There are several different mechanisms by which each device/procedure exerts its desired effect on reduction of intraocular pressure (Table 2).

With respect to risks, the physician and the patient should be aware of the following:

1. Schlemm’s Canal: this reservoir is similar to the physiological pathway of aqueous humor, and literature touts a higher safety profile. Reflux from collector channels can lead to hyphema. As with any glaucoma procedure, hypotony can occur. Devices like iStent and Hydrus can dislocate.
2. Suprachoroidal space: this reservoir is dissimilar to physiological pathway, allowing for risks, such as cyclodialysis cleft with hypotony, late closure of the cleft with rapid rise in pressure due to atrophy of natural outflow structures, hemorrhage, inflammation, and hyphema.
3. Sub-conjunctival space: similar to (2), this reservoir is not physiologic, and carries similar risks as above. Devices like the Xen or InnFocus can dislocate. In addition, though potentially as efficacious as trabeculectomies – a similar mechanism to filtration – it carries similar risks due to bleb-related complications, such as infection and fibrosis.

Approved MIGS 

Xen (Allergan, Dublin, Ireland)

Placed through a clear corneal incision, the Xen device opens up a subconjunctival filtration pathway creating a fistula and resultant bleb. The bleb may cause conjunctival scarring, so an antimetabolite is often used. Formation of posterior blebs is preferable to anterior blebs, because of the decreased likelihood of bleb dysesthesia. This conjunctival procedure is relatively contraindicated in patients with aphakia, intraocular silicone oil or prior failed filtering/conjunctival surgery. Patients on multiple drops pre-operatively are typically told to substitute with oral acetazolamide at least one month prior, to optimize ocular surface. This device is only approved by the FDA in cases of refractory glaucoma unresponsive to drops and failure of initial surgery.

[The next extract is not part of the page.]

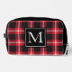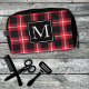 Red And Black Plaid Plaid Monogrammed Custom Toiletry Bag. Ready to be personalised with your initial. Perfect gift for Dad, Grandpa etc.
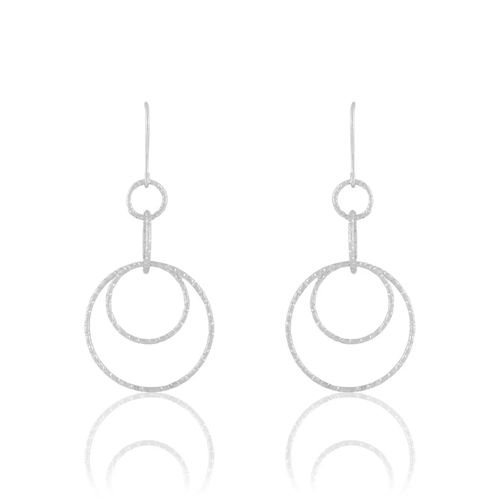 Boucles D’oreilles Pendantes Argent Blanc 925/1000 Cercles Ajoures Multiples

Limited studies exist that speak to the safety and efficacy of this device. In a clinical study of 30 eyes, mean IOP reduction was 6.2 mmHg at 12 month follow-up. Literature speculates that filtration bleb formation, as occurs in trabeculectomy, may result in complications such as encapsulation and subsequent scarring (1)(2)(3). In the study cited above, encapsulation of the filtration bleb was reported in one case (3.3 percent), which typically requires close postoperative follow-up with needling, revision procedures or prolonged course of topical steroids to reduce inflammation.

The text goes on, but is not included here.